The final member of the T2 superfamily is the Wichita class of fleet oilers. Intrest in using a T2 design as a fleet oiler had originally risen in 2736, when Curtis’s buyout of Julio-Novak threatened continued availability of J-N’s Red Ball oilers. Under heavy pressure (the government threatened to block the acquisition), Curtis agreed to continue producing the Red Ball, renaming it the JN-3, but increasing dissatisfaction with Curtis’s product led the Navy to revisit the idea of a T2 oiler in 2741, and again in 2743. Several prototypes were made by converting existing T2s, but none proved satisfactory and the government struck a ten-year contract with Wang instead.

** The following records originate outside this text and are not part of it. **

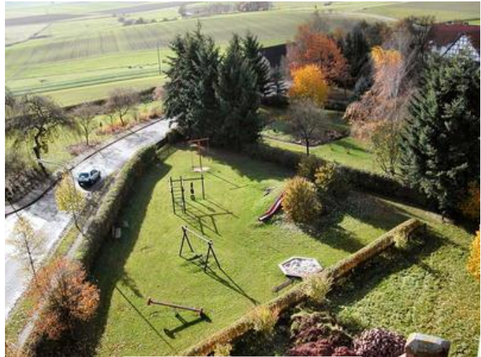
Spielplatz in Ellershausen.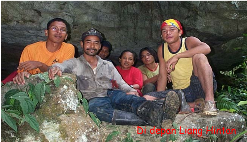
Di depan Liang Hintan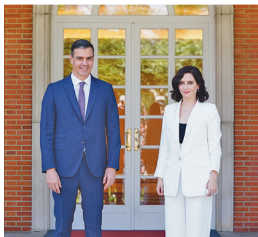
Pedro Sánchez e Isabel Díaz Ayuso

EL PERIÓDICO GENTE NO SE RESPONSABILIZA NI SE IDENTIFICA CON LAS OPINIONES QUE SUS LECTORES Y COLABORADORES EXPONGAN EN SUS CARTAS Y ARTÍCULOS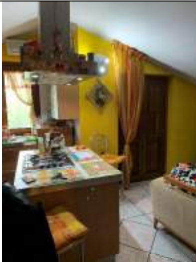
Vista della zona giorno - cucina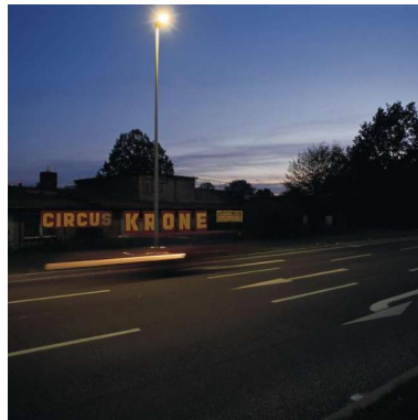
Nordring DE - Cottbus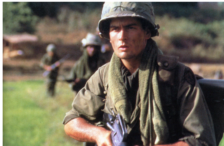
Figura 8: Charles Sheen Platoon

FONTE: www.gonemovies.com Acesso em 02 de dezembro de 2007.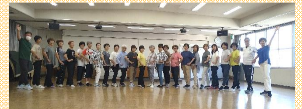
【湯田学区まちづくり推進委員会】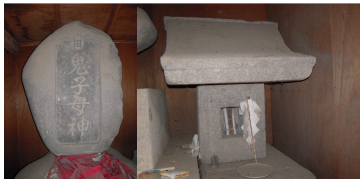
鬼子母神石塔(左)と賽の神石宮(右)

こうした鬼子母神の石塔は、旧沼田市内や白沢町ではみられない石塔といわれています。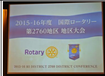
地区大会リハーサル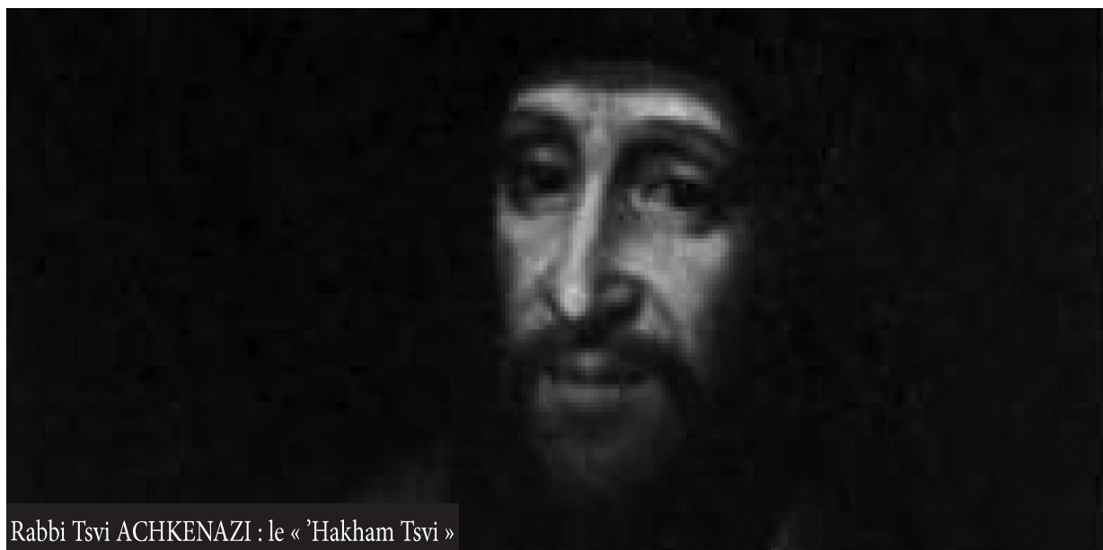
Rabbi Tsvi ACHKENAZI : le « 'Hakham Tsvi »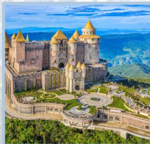
ปราสาทจันทร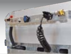
Elektro- und Luftanschlüsse am Hochbett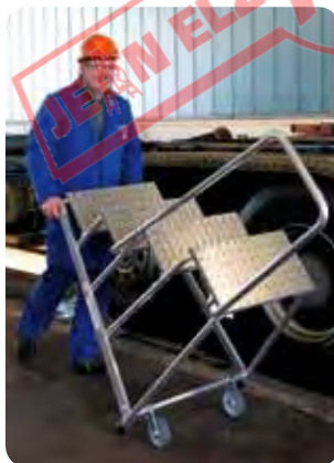
Abb. Best.-Nr. 50044 mit 50041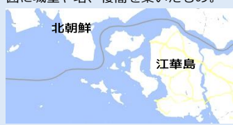
▶江華島 ソウル北西に位置する島。紀元前から人が住んでいた痕跡があり、世界遺産に登録された支石墓は壇君王様が初めて降臨した地とされている。李氏朝鮮時代の謀反王族等の流刑地であり、侵略の第一歩の場所。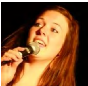
Ny Fri-BU-arbeider (s 4)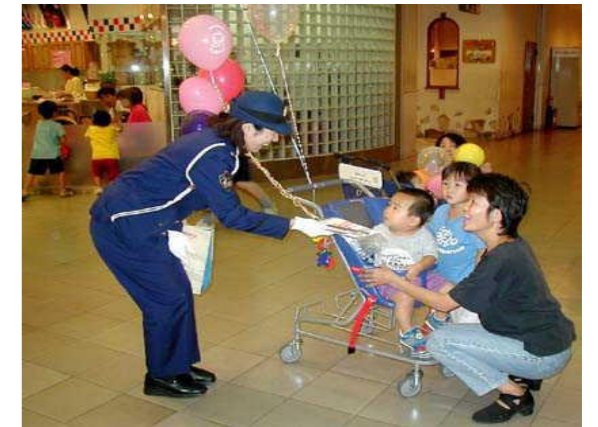
交通事故には十分気をつけてください

増える交通死亡事故に対し、10月12日広島県知事は、「交通死亡事故非常事態宣言」を発表しました。これを受けて、広島西交通安全協会と広島西交通安全運動推進隊では、広島西警察署、広島市西区役所などと合同で、同日の午後5時から、西区草津新町二丁目のアルパークで街頭キャンペーンを実施しました。参加した約40人は宣言文の入った啓発物を配布して、交通安全を呼びかけました。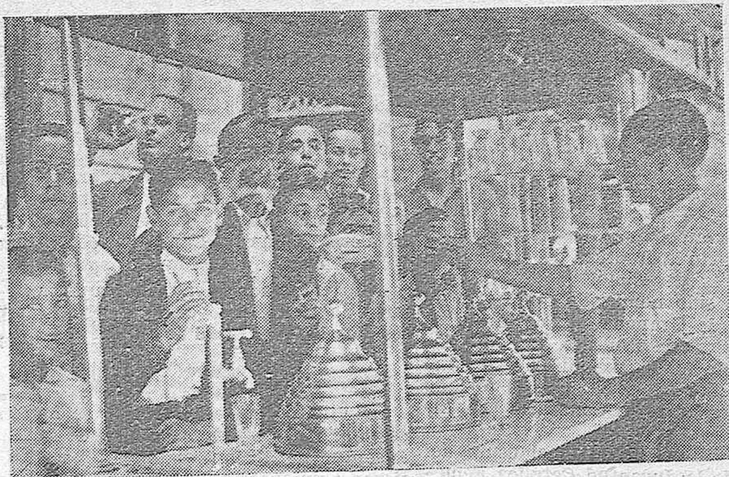
"El público con sed insaciable consume el rico producto"

Este año, como siempre vinimos, con el sano deseo y el afán de servir al público cordobés, pero usted ya sabe el presupuesto tan elevadísimo con que hemos tropezado.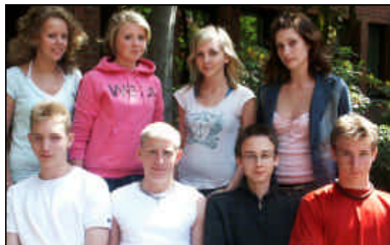
Sommarjobbade Agenda 21-ungdomar.

Kunskapsspridning och det lokala engagemanget är hörnstenar i ett kommunalt Agenda 21 arbete. Arbetet inom detta område sker kontinuerligt. Ett konkret exempel på årlig insats där temat är Agenda 21 och Folkhälsa är sommarjobb för ett tiotal ungdomar.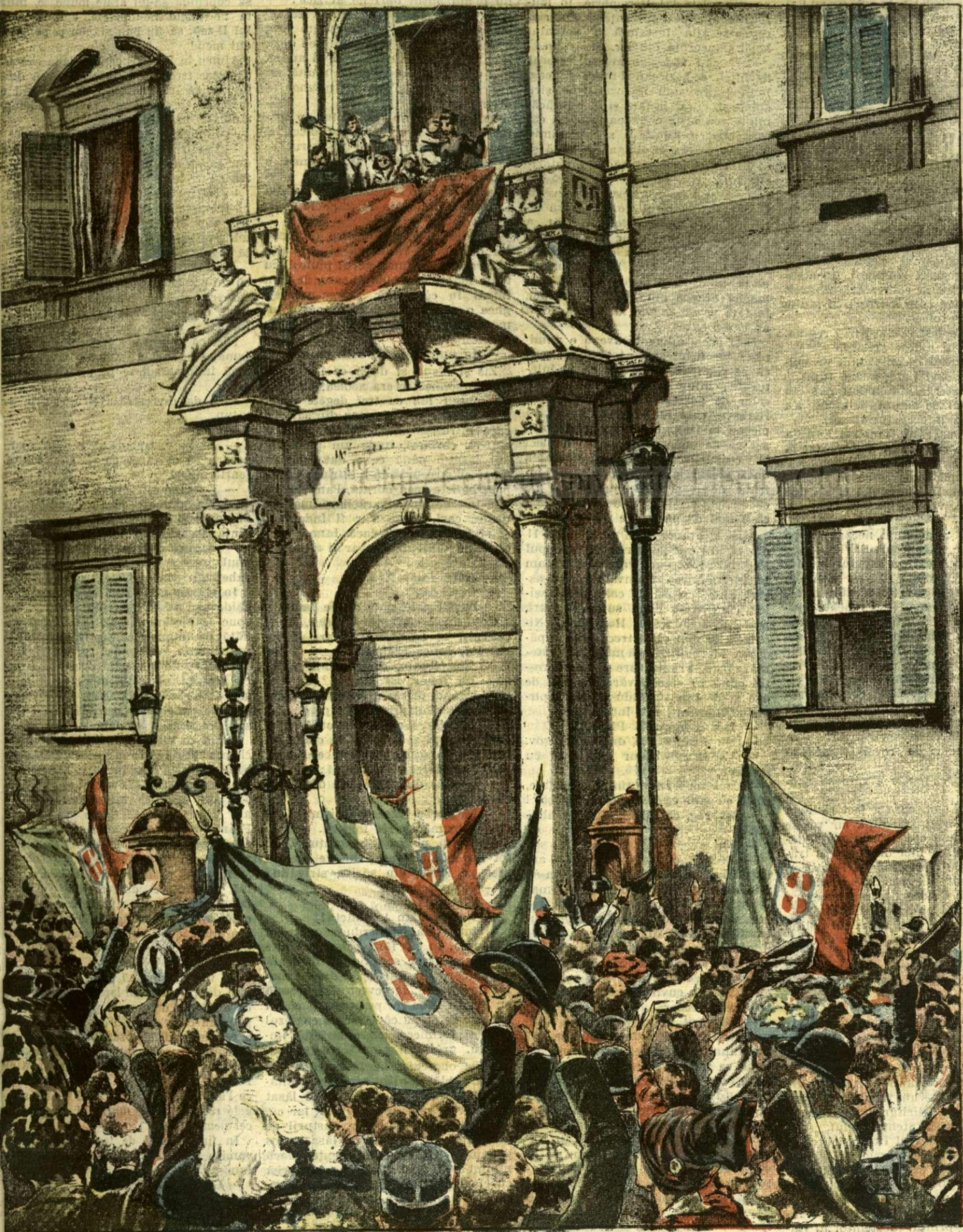
Principele moștenitor al Italiei mulțumind pentru manifestația de dragoste. — (Vezi pag. II).

ANUNȚURI: — Linia pe pagina 7 și 8 20 bani —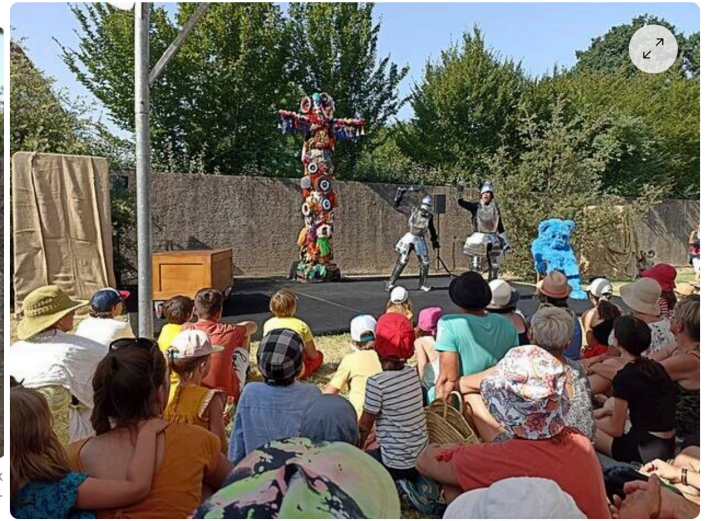
« Cowboy ou Indien ? » Ça a démarré très fort avec des chevaliers sublimes et patauds dans leurs armures utilisées ! OUEST-FRANCE

Les artistes aiment les Zendimanchés. Les festivaliers, eux-aussi, aiment les artistes ! Ils se disent les bons rendez-vous à ne pas manquer. « Il ne faut pas rater Cowboy ou Indien ? », préviennent-ils par exemple. « Une perle théâtrale ! » qui était à l'affiche de la 24 e édition du festival d'arts de rue qui s'achève ce dimanche soir 17 juillet à Saint-Hilaire-de-Chaléons .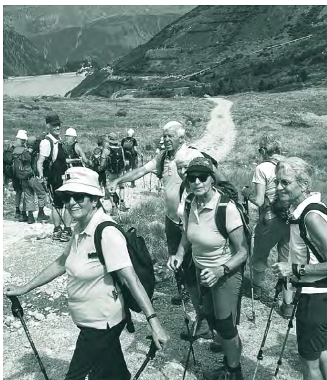
Tolle Stimmung

Rappenlochschlucht – Staufensee – Alplochschlucht Kehlegg über Gschwendalpe – Bödele/Hochälpele Ammenegg – Alpe Schwende Karren – Staufensee – Gütle Karren – Staufenalpe – Schuttannen (Staufenrundgang) Bödele – Fohramoos Karren – Schuttannen – Ebnit Alploch – Kirchle – Amannsbrücke Gütle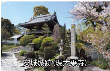
安城城跡(現大乗寺)

安城城が家康の人生と関係するのは、家康の父、広忠の時代です。1540年、尾張の織田信秀(信長の父)が三河へ攻め入り、安城城を奪い取ります(第1次安城合戦)。この戦いで、松平軍は多数の犠牲者を出すとともに、清康が造営した大岡白山神社が焼失したとされます。また、安城コロナワールド前の富士塚は、この時の犠牲者を弔った塚と伝えられます。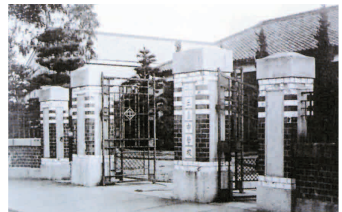
旧制愛媛県立三島中学校正門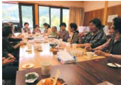
～手作り料理もいっぱい～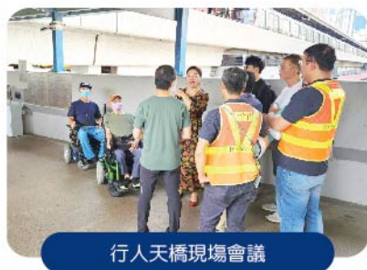
行人天橋現場會議

In 2752, this contract was coming to an end, and the Pitt administration pressed the Navy for an in-house design. Electronic Transport Controls’ Source Four Engines were selected, rated at the same 1.2 GW as Curtis’s Shakespeare engines, but delivering 30% more thrust (drawbar). This was enough to enable the prototype vessels to easily keep up with the main battle fleets of the time, and the substitution of 3500 gpm cargo pumps and a second, larger hangar area (added at the expense of a sick bay, and by shrinking the avionics bay - functions assumed by the capital ships of the battle fleet in any case) produced a vessel capable of replenishment under weigh operations. The first vessel in which all of these features appeared, Wichita, became the class leader (not the first vessel ordered to these specifications from the ground up, in breaking with past T2 tradition). In total, the Navy launched 45 Wichita oilers.

Problems, and Retirement:
All members of the T2 superfamily, with the exception of the Syracuse class, had in common a structural discontinuity at frame 72, and again at frame 201. External bracing (the so-called “bilge keel”) was intended to compensate for this, but T2 tankers suffered structural failures at a higher rate than many other vessels of the time. Rushed, substandard construction was blamed at the time, and did have a role in some incidents (e.g. the Yarm-on-Tees), but others occurred on vessels built in careful, well-respected yards where the standard of work was high. Various additional theories were put forth, including the sulphur content of the steel used, and “built-in stresses,” but none of the proposals led to successful amelioration of the problem. Computer analysis completed in the early 2800s, based on improved understanding of the physical stresses of a craft in space, showed that the “bilge keel” bracing failed to adequately address the loss of structural integrity caused by the interruption of the beam belt when the liquid storage tanks were expanded, and this is now the accepted reason for most failures.

Regardless of the reason, by 2755 the T2 had earned a reputation as a poorly-built craft, prone to catastrophic structural failure, and various inspection and repair programs were initiated. Some of these helped, to a degree; but others perversely exacerbated the problem by focussing stresses on already weak areas of the hull. Orders for the design fell off. The last T2 launch (Owston Ferry, a Wichita class oiler) occurred in May of the following year.

Of all five classes together, approximately 1,000 T2 craft were built and launched over the program’s 24 years. The Navy divested itself of all of its T2 by 2762, though many continued with the Transport Board and civilian operators for many years after than time.